Now each FLoC is probably still reasonably good, as a targeting signal! After all, you wouldn't expect a person visiting a single additional popular site to completely change what you'd want to target with. But nevertheless this would probably make your FLoC different on different sites, to defeat the cross-site tracking threat that John started with.

TheMaskMaker commented 3 years ago

@michaelkleber I see what you mean, but I think it affects this variant as well. Let me give you an example, and it will either reveal a misunderstanding on my part with flocs/cohorts or, if I understand correctly, help you to see my point about the threat with noise. I think this example will be useful in either event in explaining the problem.

Suppose systems A,B,C,D are collaborators in a floc world. They use outside tracking are work together. Meanwhile Website X does not.

A.com and B.com are websites and use login to recognize a user. C-ware is a tablet OS and has an eye in any app installed on it linked to the owner's account. Its default browser can access flocs. D-browser has a user account and so also can recognize the user, and sends browsing data home with its device sync functionality.

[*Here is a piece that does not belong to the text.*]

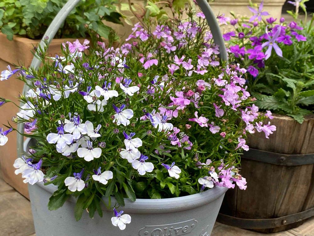 もう一色ハンギングの方は、濃いブルーの花が咲いています💙

A,B,C,D have data sales not just in web advertising, but also to e-mail listings, snoop groups, improving their own products with data science, etc. Thus any floc data is valuable to them even outside of web adv, though of course it is useful for web adv as well.

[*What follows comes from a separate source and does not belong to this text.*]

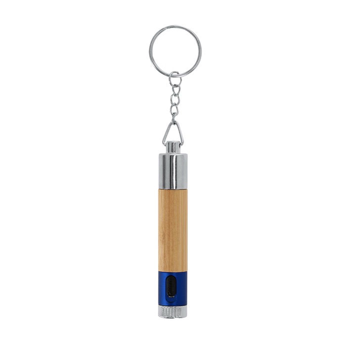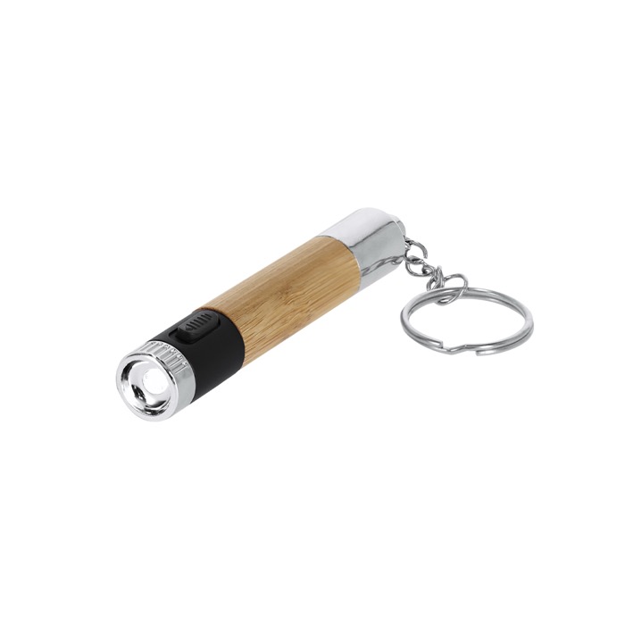 Bambus-Kugelschreiber mit integrierter LED-Taschenlampe, entwickelt, um Schreiben und punktuelles Licht im Alltag zu verbinden. Mit Kappe und verchromtem Metallring, praktisch zum Aufhängen oder zum Mitführen an Schlüsseln und Ausweisen. Die Schrift ist in blauer Tinte, geeignet für Büro- und Empfangsbereiche. Betrieb mit enthaltenen Knopfzellen, sodass er einsatzbereit ankommt. Empfohlen als Unternehmens-Give-away für Messen, Akquiseaktionen oder interne Schulungen.

We have 4 or more cooperating groups that can access the floc ID, recognize an individual, and send data to a server as per @johnwilander 's example, but with 2 more players.

Lets also assume, 2 different floc hash models to explore major possibilities.

1. For the first 'experiment,' lets assume a very convergent hashing algorithm. This algorithm aggressively places users in very focused flocs based on major sites visited, so, a random site added would be unlikely to change the floc id. Lets say this occurs at a rate of 25%.

This model is very useful for publishers and advertisers because you can trust each floc to reliably represent interests. You can trust them to mean roughly the same thing over time. You can target campaigns to them.

The random site only changes the ID on System B. Now the trackers (A,B,C,D) get even more information! They can say with confidence what floc the user is normally a part of, and also know an additional floc they might belong to! They even have information on which site caused this change. This could open the door to even more information.

Meanwhile, the publishers lose a targeting opportunity 25% of the time, as the randomized flocs appear to irregularly for them to understand their value, unless they join the tracking system.

2. In the second 'experiment' lets assume a very divergent algorithm. this algorithm severely alters floc id with small changes in site visit/interest. Lets say 75%.

Now there is a good chance A,B,C, and D all have different flocs for this user. But they don't care. They know the user is a member of these 3-4 flocs, and can correlate those flocs into a floc group. They now know these flocs represent similar interests (assuming the algorithm is not so divergent as to make them useless). They can now target to the floc group across the 2 websites and through any data sales opportunities presented to the OS and browser, and thus don't miss any targeting opportunities.

Meanwhile, the publisher that does not join the tracking group has a mess of random flocs, and only 25% appear on their 1 site often enough to be recognizable as useful. They lose 75% of targeting opportunities.

Even with this noise method you mention, I think the greater the noise, the more beneficial cross-site tracking is in floc, and the more work is done to use flocs as cross-site trackers.